Working with Files

This chapter will first describe general characteristics of Unix commands. It will then discuss some commands which are commonly used to create and manipulate files.

A summary of some of the most commonly used Unix commands is presented in Command Comparisons. A list of Unix utilities by function as well as a detailed description of the most commonly used Unix utilities are included at the back of A Practical Guide to the Unix System by Mark G. Sobel.

Unix File Names

It is important to understand the rules for creating Unix files:

  • Unix is case sensitive!

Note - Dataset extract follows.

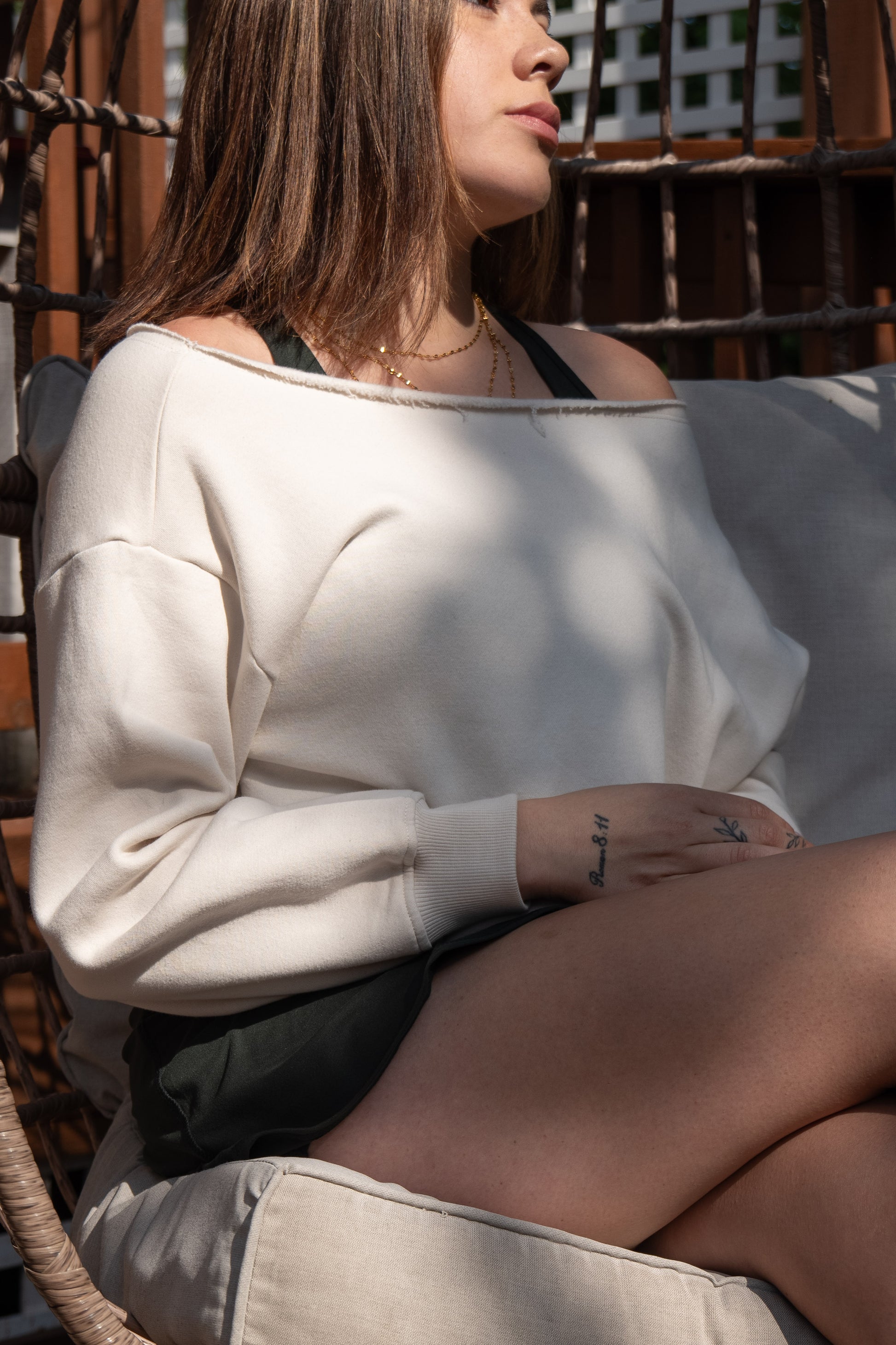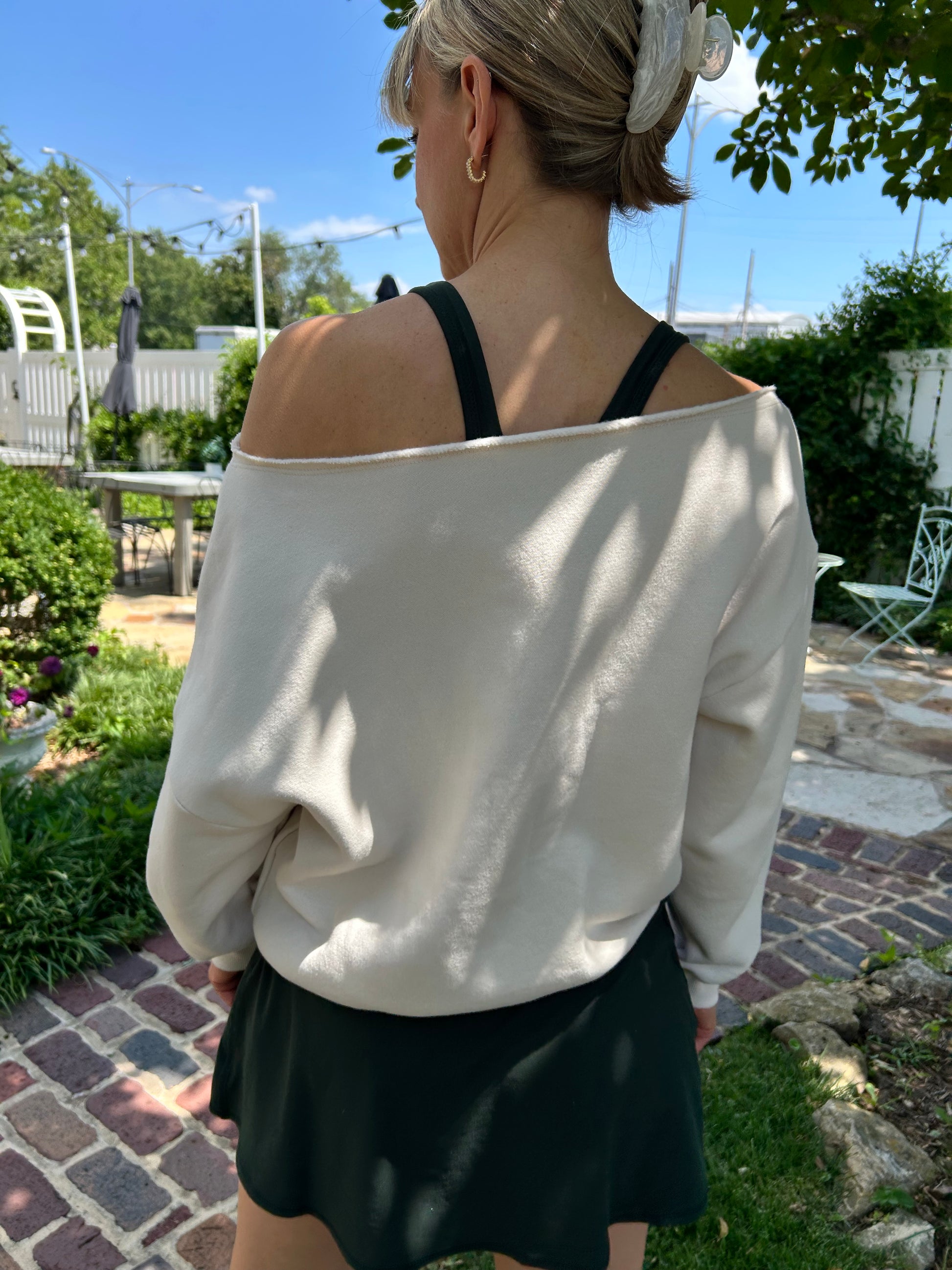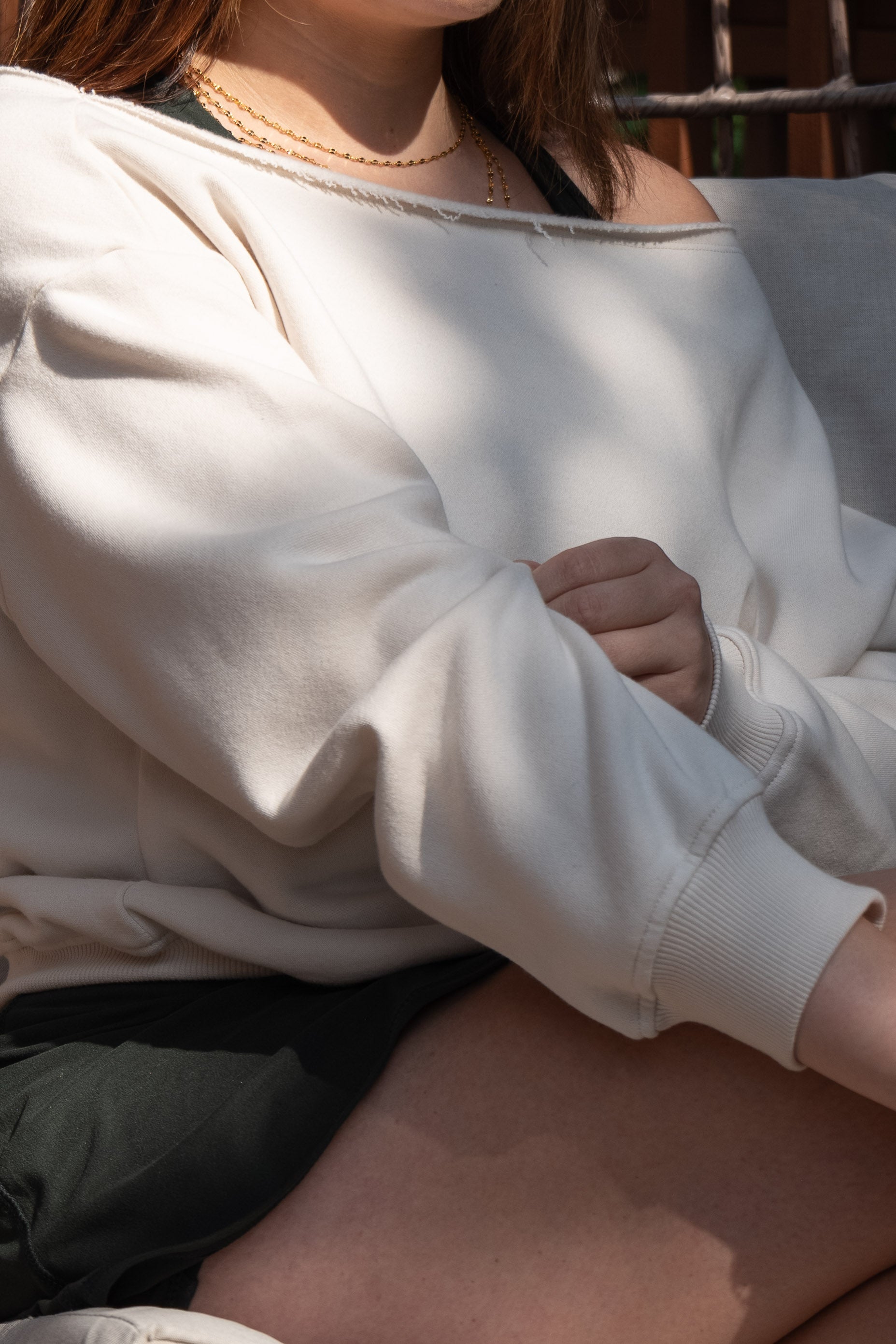 Cozy just got a serious upgrade. Our Off The Shoulder Sweatshirt in Cream is where comfort meets flirty cool-girl energy. Made from ultra-soft fabric in a dreamy neutral hue, this sweatshirt is designed to drape beautifully off one shoulder, giving just the right hint of skin. It’s perfect for days when you want to look cute and feel comfy — whether you're grabbing coffee, lounging at home, or heading out for a casual date night.

For example, "fileName" is different from "filename".
  • It is recommended that you limit names to the alphabetic characters, numbers, underscore (_), and dot (.). Dots (.) used in Unix filenames are simply characters and not delimiters between filename components; you may include more than one dot in a filename. Including a dot as the first character of a filename makes the file invisible (hidden) to the normal ls command; use the -a flag of the ls command to display hidden files.
  • Although many systems will allow more, a safe length is 14 characters per file name.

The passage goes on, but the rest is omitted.